"Ecstatic."
That's how Deb Pauly felt Tuesday night, but it wasn't just because she had won another term on the Jordan school board. Instead, Pauly and others were in a mood to celebrate after voters agreed to fund education by raising local taxes.
The outcome was hardly a foregone conclusion: Jordan voters had rejected three such requests in the past five years, and the school district was one of only about 10 percent in the state without a major supplemental operating levy. On Tuesday, though, voters passed both of the school board's 10-year levy requests despite the dour economy.
Jordan was approving a tax increase even as voters in nearby Prior Lake were electing candidates opposed to tax increases. Two of the three candidates supported by the stop-runaway-spending group known as Citizens for Accountable Government were elected to the City Council, including mayoral candidate Mike Myser.
"The race for mayor was about fiscal responsibility and accountability," said former Mayor Wes Mader, an activist with that group. "The current administration went all out to sell their candidate and their version of the facts, but the voters didn't buy it."
But Mayor Jack Haugen, who opted not to run, said the results don't represent a repudiation of his eight years in office.
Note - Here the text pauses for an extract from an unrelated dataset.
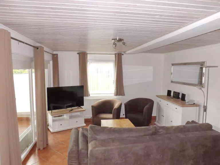 Stor, moderne 4-værelses lejlighed i stueetagen på ca. 80 m² til 2-5 personer. Der er egen indgang, 3 soveværelser, stor stue-køkken, bad/toilet, vinterhave og stor terrasse mod syd.

Mayoral candidates Steve Millar and Troy Presler, who "shared a commitment to the future," in Haugen's words, drew "55 or 56 percent of the votes," he said. "And this was an off-year election, with very low turnout -- 17 percent. So the number who really supported [Myser's] ideology was 7 percent of our public. But that's how it works in an off-year election.
"To me, it doesn't indicate any dissatisfaction," he said. Rather, unhappy people are more motivated to vote in an election without any marquee races than are those who are content with the way things are. Besides, he said, incumbent Warren Erickson, a strong defender of the status quo, was returned to office along with Mader-backed dissenter Richard Keeney.